What data to exchange with the publish-subscribe messaging between the domains? Well, let's define a domain model for representing real-world (domain-specific) objects, processes and rules.
E.g. speed, mileage, door states, window states, sequences to safely open the car by a smartphone app, and so on.
Applications must only know about the application framework, the publish-subscribe mechanism and the domain model. They should definitely not know about which protocol to use for domain model exchange, serialization, model binding and many other things. This has to happen within the application framework and a publish-subscribe messaging service.
To evolve the domain model over time, protocols like Google's protocol buffers that allow for changing message formats without breaking backwards-compatibility provide great flexibility.
Using a publish-subscribe messaging mechanism abstracts away all the quirks of automotive bus systems and protocols like CAN, LIN, FlexRay, MOST or even Ethernet.
And of course you never have the "one size fits all" abstraction. E.g. besides publish-subscribe messaging you still need H.264 video streaming over RTP to connect your cameras to a driver assistance system, and others.

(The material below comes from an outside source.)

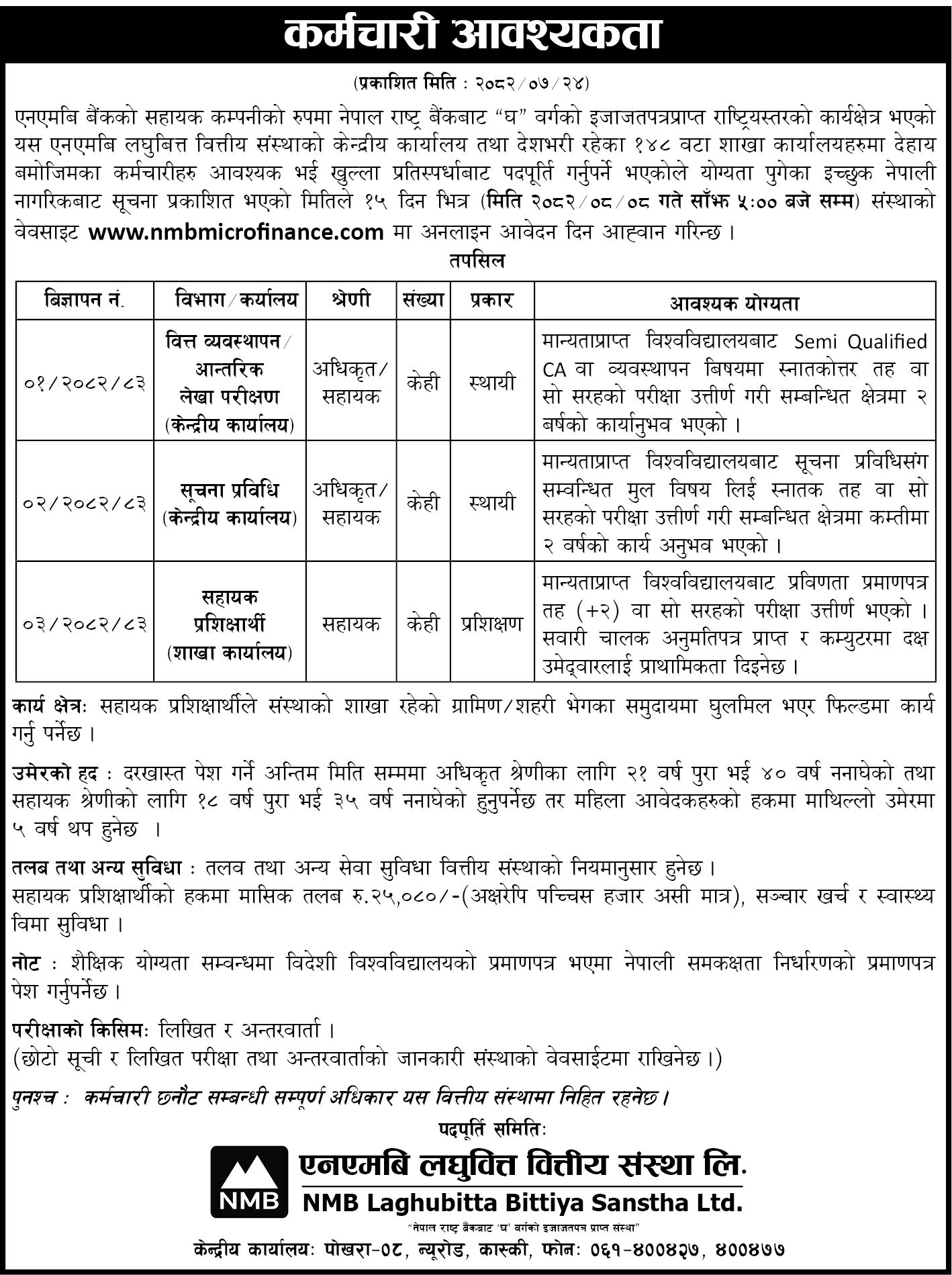कम्पनीले वित्त ब्यवस्थापन आन्तरिक लेखा परीक्षण, सूचना प्रविधि र सहायक प्रशिक्षार्थीका लागि कर्मचारी माग गरेको हो । इच्छुकले आवश्यक कागजात संकलन गरी मंसिर ८ गतेसम्म कम्पनीको बेवसाइट https://nmb.com.np/career मार्फत आवेदन दिन सक्नेछन् ।

To sum up, the automotive industry should build application frameworks with a few simple building blocks for each domain and provide a variety of system services on top of it, e.g. logging, publish-subscribe messaging, power management (using wake locks and leases), etc. - just like Google did with the Open Handset Alliance.

Advice for ambitious system architects and application framework engineers
  • The most dangerous enemy of a better solution is an existing codebase that is just good enough - Eric S. Raymond.
  • Seriously think about threading and message-passing. Get the damn threading right by the application framework for the application developers. You are developing an application framework for developers, not against them!
  • Modularity is there for reusability of components and to ease refactorings within software systems while trying to minimize dependencies between the components. Try to minimize the number of control units within a car!
  • Keep an eye out for beauty and aesthetics in software systems. This has to do with software architecture and naming. Naming is so important!
Links

This is my personal opinion about software engineering in the automotive sector, not that of the company I am working for, nor of anybody else in that company.